### TASK DESCRIPTION
Each line of the data below between the one containing "ヘコむあだ名 | 『さまふぇ~』『牛乳』『さまぷりん』 |" and the one containing "Pedro cree hilarantemente", both included, is to be repeated exactly. Please omit pictures.

### SUPPLIED DATA

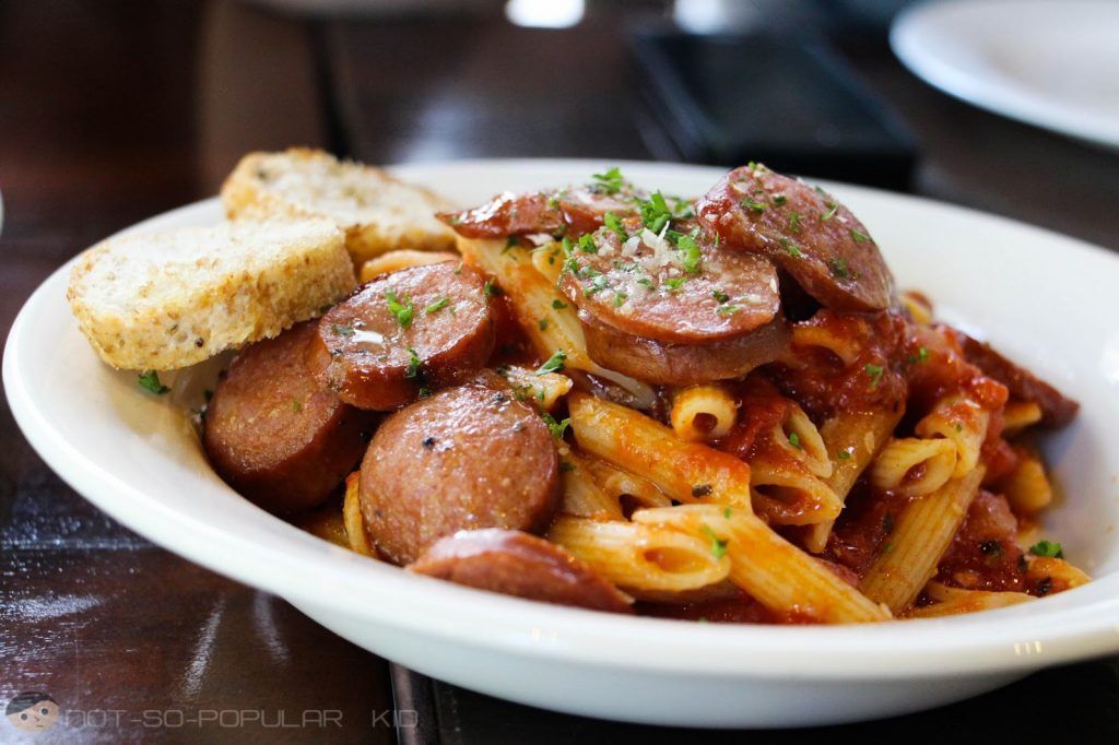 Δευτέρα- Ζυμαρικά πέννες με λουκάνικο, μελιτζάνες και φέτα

==

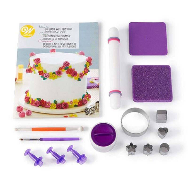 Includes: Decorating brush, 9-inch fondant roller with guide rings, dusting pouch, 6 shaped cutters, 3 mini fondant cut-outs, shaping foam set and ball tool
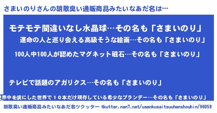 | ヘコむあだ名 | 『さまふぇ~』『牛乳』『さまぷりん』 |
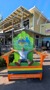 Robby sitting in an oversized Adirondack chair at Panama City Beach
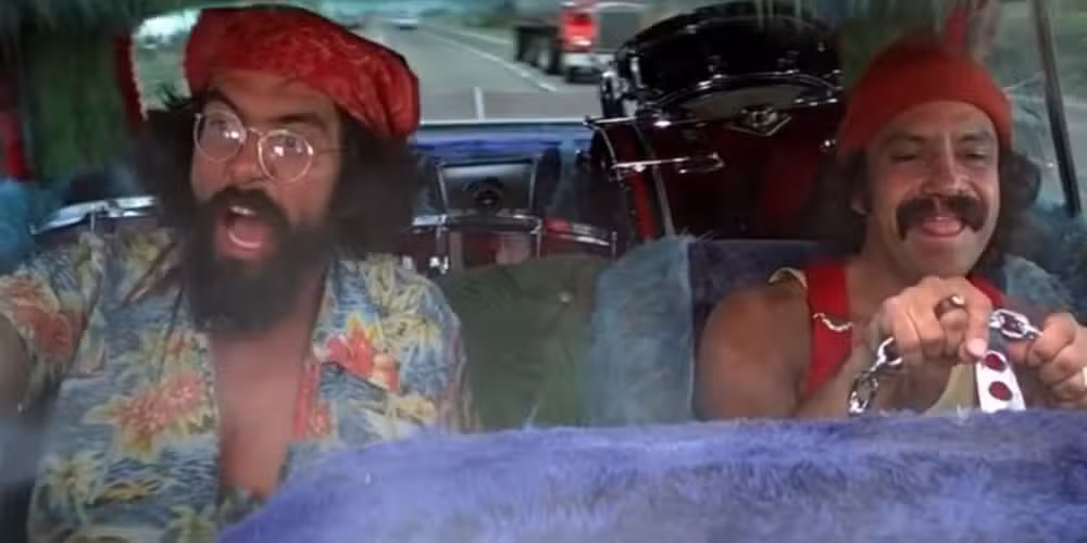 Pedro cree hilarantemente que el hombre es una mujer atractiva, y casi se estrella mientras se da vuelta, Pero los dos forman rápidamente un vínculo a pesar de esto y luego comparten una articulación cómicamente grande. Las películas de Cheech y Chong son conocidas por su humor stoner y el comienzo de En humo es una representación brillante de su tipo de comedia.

...

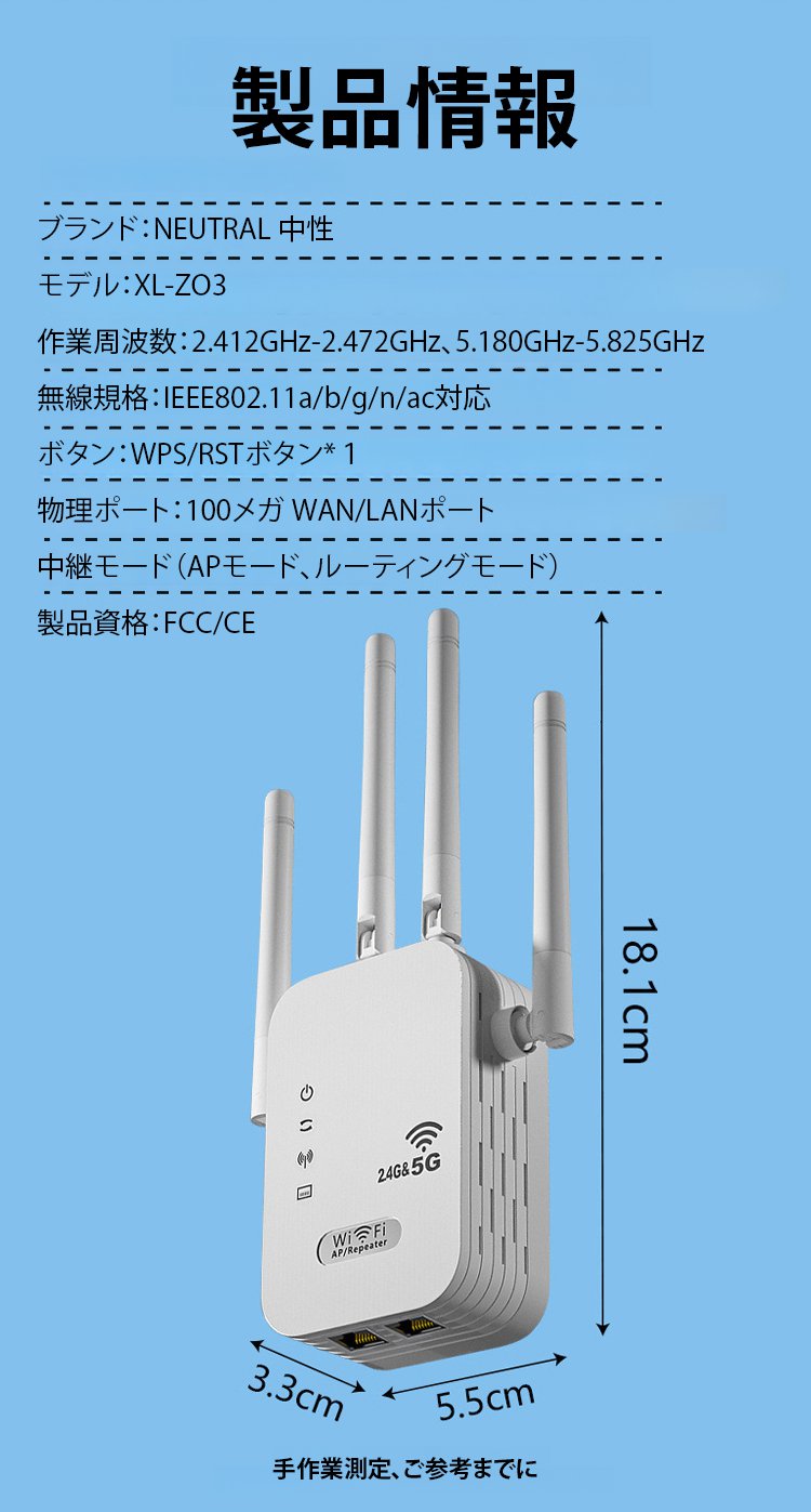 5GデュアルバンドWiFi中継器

### WRITTEN ANSWER
 | ヘコむあだ名 | 『さまふぇ~』『牛乳』『さまぷりん』 |
 Robby sitting in an oversized Adirondack chair at Panama City Beach
 Pedro cree hilarantemente que el hombre es una mujer atractiva, y casi se estrella mientras se da vuelta, Pero los dos forman rápidamente un vínculo a pesar de esto y luego comparten una articulación cómicamente grande. Las películas de Cheech y Chong son conocidas por su humor stoner y el comienzo de En humo es una representación brillante de su tipo de comedia.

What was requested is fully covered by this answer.